(Assignment): The required answer is the data below, restated word for word with images omitted.

(Recorded information):
----

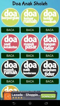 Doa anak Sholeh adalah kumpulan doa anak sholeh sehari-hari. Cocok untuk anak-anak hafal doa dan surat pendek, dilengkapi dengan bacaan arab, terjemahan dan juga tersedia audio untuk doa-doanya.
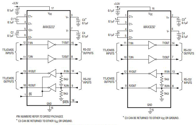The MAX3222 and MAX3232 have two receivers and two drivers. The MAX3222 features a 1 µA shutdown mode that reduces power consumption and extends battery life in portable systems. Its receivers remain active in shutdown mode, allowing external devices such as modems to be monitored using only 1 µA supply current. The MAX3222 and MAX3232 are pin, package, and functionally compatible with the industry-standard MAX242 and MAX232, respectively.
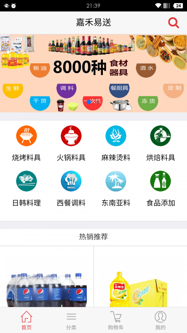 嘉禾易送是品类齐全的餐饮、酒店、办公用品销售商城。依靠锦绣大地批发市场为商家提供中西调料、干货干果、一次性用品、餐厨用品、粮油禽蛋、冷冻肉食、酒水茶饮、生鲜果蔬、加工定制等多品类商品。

----

(Your solution):
 Doa anak Sholeh adalah kumpulan doa anak sholeh sehari-hari. Cocok untuk anak-anak hafal doa dan surat pendek, dilengkapi dengan bacaan arab, terjemahan dan juga tersedia audio untuk doa-doanya.
The MAX3222 and MAX3232 have two receivers and two drivers. The MAX3222 features a 1 µA shutdown mode that reduces power consumption and extends battery life in portable systems. Its receivers remain active in shutdown mode, allowing external devices such as modems to be monitored using only 1 µA supply current. The MAX3222 and MAX3232 are pin, package, and functionally compatible with the industry-standard MAX242 and MAX232, respectively.
 嘉禾易送是品类齐全的餐饮、酒店、办公用品销售商城。依靠锦绣大地批发市场为商家提供中西调料、干货干果、一次性用品、餐厨用品、粮油禽蛋、冷冻肉食、酒水茶饮、生鲜果蔬、加工定制等多品类商品。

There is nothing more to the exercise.